Therefore, \(\vec{y}\) itself must be a member of the set described by \(\vec{x}_p + \vec{x}_n\) where \(\vec{x}_n \in \nul{\mat{A}}\), since it can be written as \(\vec{y} = \vec{x}_p + \vec{y}'\), where \(\vec{y}' \in \nul{\mat{A}}\).

To practically solve the problem of obtaining a description of the solution set for \(\mat{A} \vec{y}=\vec{b}\), we need a method to obtain one solution vector \(\vec{x}_p\) and we need a description of the null space. For the latter we already know a method: Gaussian elimination. For the former we will need Gauss-Jordan elimination. And we will see that we can actually solve both questions in one elimination.
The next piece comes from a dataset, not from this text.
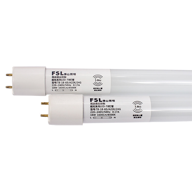 Foshan lighting LEDT8 human infrared radar microwave induction LED daylight lamp tube garage light induction lamp 18W

Let’s take our previous homogeneous example, Example 9.2, but now solve a non-homogeneous case:

\[ \begin{bmatrix} 1 & 1 & 1 \\ 1 & 2 & 3 \\ 0 & 1 & 2 \end{bmatrix} \begin{bmatrix} u \\ v \\ w \end{bmatrix} = \begin{bmatrix} 4 \\ 8 \\ 6 \end{bmatrix} \]
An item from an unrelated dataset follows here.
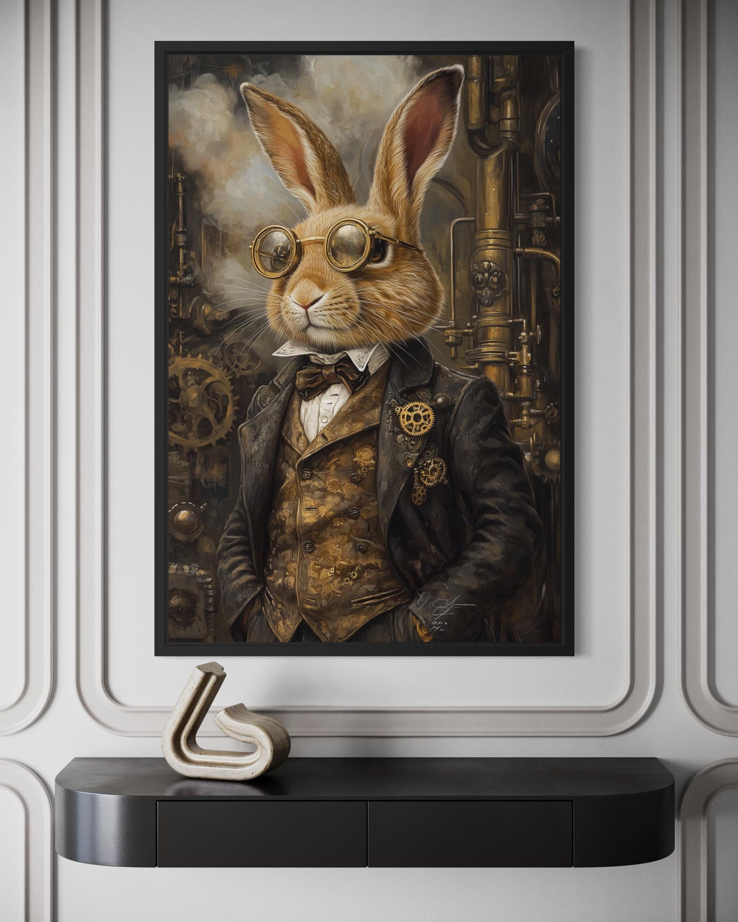 This steampunk bunny wall art merges the whimsical world of fantasy with the gritty sophistication of industrial design, creating a mesmerizing piece that instantly captures attention. The composition centers on a stately rabbit rendered with intricate metallic details, gears, and brass adornments that evoke the elegance of Victorian invention and the creativity of mechanical imagination. Every aspect of this framed canvas exudes personality and craftsmanship—from the subtle glint of copper highlights to the depth of shadow that emphasizes the character’s quiet intensity. The bunny’s expression carries both wit and mystery, as if it were an inventor or explorer in an alternate age of steam and clockwork marvels. The detailed textures of leather, brass, and aged steel create visual complexity while maintaining balance through refined artistry. Behind the figure, a muted industrial backdrop of cogwheels and riveted panels reinforces the theme of innovation, transporting the viewer to a world where science meets imagination. The result is an artwork that feels both fantastical and grounded, perfect for those who appreciate creativity laced with historical depth. This steampunk bunny canvas print stands as a conversation-starting focal point, blending playfulness and sophistication with effortless visual impact. It embodies the spirit of inventive artistry and is ideal for collectors who cherish unique and eccentric wall decor that tells a story of ingenuity and wonder.

We perform Gauss-Jordan elimination, but now, of course, with the right-hand vector augmented (because row operations will change it!).

\[ \begin{array}{ccc|c} 1 & 1 & 1 & 4 \\ 1 & 2 & 3 & 8\\ 0 & 1 & 2 & 6 \end{array} \;\yields\; \begin{array}{ccc|c} 1 & 1 & 1 & 4 \\ 0 & 1 & 2 & 4\\ 0 & 1 & 2 & 6 \end{array} \;\yields\; \begin{array}{ccc|c} 1 & 1 & 1 & 4 \\ 0 & 1 & 2 & 4\\ 0 & 0 & 0 & 2 \end{array} \;\yields\; \begin{array}{ccc|c} 1 & 0 & -1 & 0 \\ 0 & 1 & 2 & 4 \\ 0 & 0 & 0 & 2 \end{array} \]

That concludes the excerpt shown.